Today’s genteel ladies would learn a lot more about life if they would cut the crap and get out of their gilded ghettos. A day at a potato farm or crab-picking plant would do a hell of a lot more for them than an evening at Madison Square Garden with Eve Ensler and her pack of giddy celebrity lemmings in hot-pink suits.

(from The Bush Look, Salon.com, 28 Feb 2001)

Meowwwch! The claws are out and aimed at the jugular. This scathing denunciation came after her mourning of the passing of Emily Vermeule, distinguished professor of classical philology and archaeology at Harvard University. She put Ensler’s unabashed propagandism that masked itself as ‘art’ against the academic diligence of Vermeule who “held herself to the highest standards created by great male scholars of the past; she did not advance by genuflecting before Michel Foucault or by spouting the simplistic social constructionist dogma that has made academic feminism such a morass of ignorance, fakery, gimmickry and bullying careerism”.

For Paglia to admire a woman for aspiring to standards created by men is stunning enough for feminists, but to admit that Sarah Palin is the best thing that happened to the movement since Madonna is to taunt vituperation from the sisterhood-of-the-travelling-vagina establishment. (She, by the way, counts herself a Democrat libertarian, pro-choice, and atheist.)

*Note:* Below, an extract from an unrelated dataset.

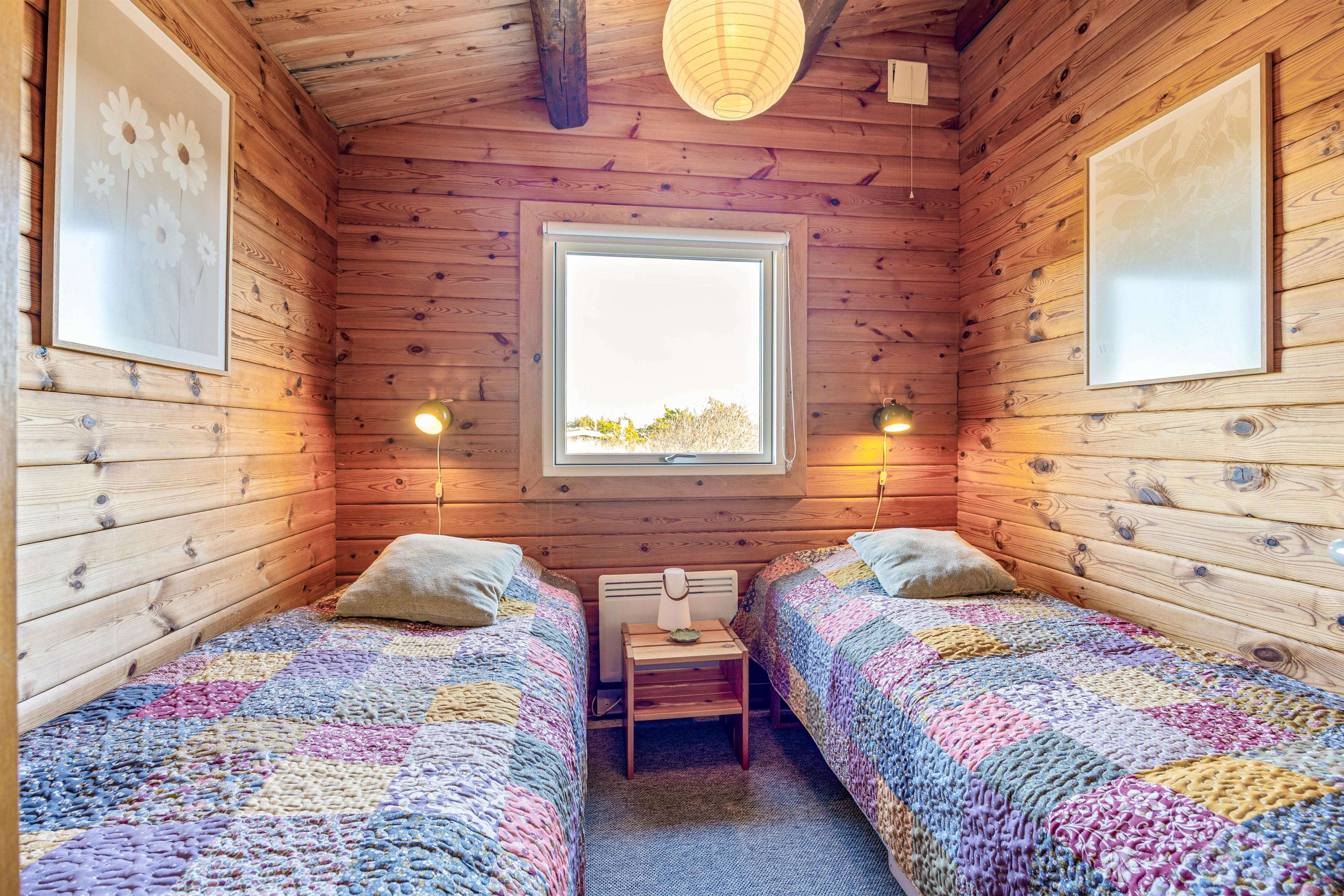 Det fine bjælkehus er indrettet med respekt for det naturmateriale, det er bygget af. Både vægge og lofter har synlige, rustikke træbjælker, som skaber masser af hygge og atmosfære i rummene. I 2024 blev køkkenet og badeværelset fornyet, så man ikke skal gå på kompromis med komforten. Fra stuen er der et dejligt udsyn til sommerhusets udeoase. Sommerhuset har 3 gode soveværelser med 1 dobbeltseng og 4 enkeltsenge. Huset er på 68 kvadratmeter og har plads til 6 overnattende gæster. Som en ekstra luksus er sommerhuset indrettet med en energibesparende luft-til-luft varmepumpe, der sørger for et behageligt indeklima hele året rundt.

Palin represented an explosion of a brand new style of muscular American feminism. At her startling debut on that day, she was combining male and female qualities in ways that I have never seen before. And she was somehow able to seem simultaneously reassuringly traditional and gung-ho futurist. In terms of redefining the persona for female authority and leadership, Palin has made the biggest step forward in feminism since Madonna channeled the dominatrix persona of high-glam Marlene Dietrich and rammed pro-sex, pro-beauty feminism down the throats of the prissy, victim-mongering, philistine feminist establishment…

As a dissident feminist, I have been arguing since my arrival on the scene nearly 20 years ago that young American women aspiring to political power should be studying military history rather than taking women’s studies courses, with their rote agenda of never-ending grievances.

(from Fresh Blood for the Vampire, Salon.com, 10 Sep 2008)

Palin appeals to Paglia in the same way as a Sicilian matriarch in Philadelphia who owned a butcher shop, or their landlady when she was growing up in upstate New York who was a farm woman “as physically imposing as her husband”–in short: practical, hardy, sensible women, who dealt head on with the actualities of life and toughed it out together with their men. She admires these qualities in Sarah Palin’s “brand of can-do, no-excuses, moose-hunting feminism”, as opposed to the froufrou crowd in Ensler’s camp of urban sophisticates.

Frontier women were far bolder and hardier than today’s pampered, petulant bourgeois feminists, always looking to blame their complaints about life on someone else.

(from Fresh Blood for the Vampire, Salon.com, 10 Sep 2008)

What appeals to me in Paglia is the same thing I find appealing in the late Paul Feyerabend–their resistance to go and graze with the herd. The word iconoclastic has been used on Feyerabend, and I think the same can be said of Paglia–not that they simply shock the establishment, but because they actually assume the task of thinking for themselves. Theirs is therefore a singularity of thought that appears radical, but really boils down to just sensible questioning of entrenched intellectual dogma. If it is radical, it is certainly not rabble-rousing, but sobering. Paglia calls herself a dissident feminist. I guess in this Obama era of euphoric sloganeering, being dissident is what goes for having the faculty for cold, hard reality-check.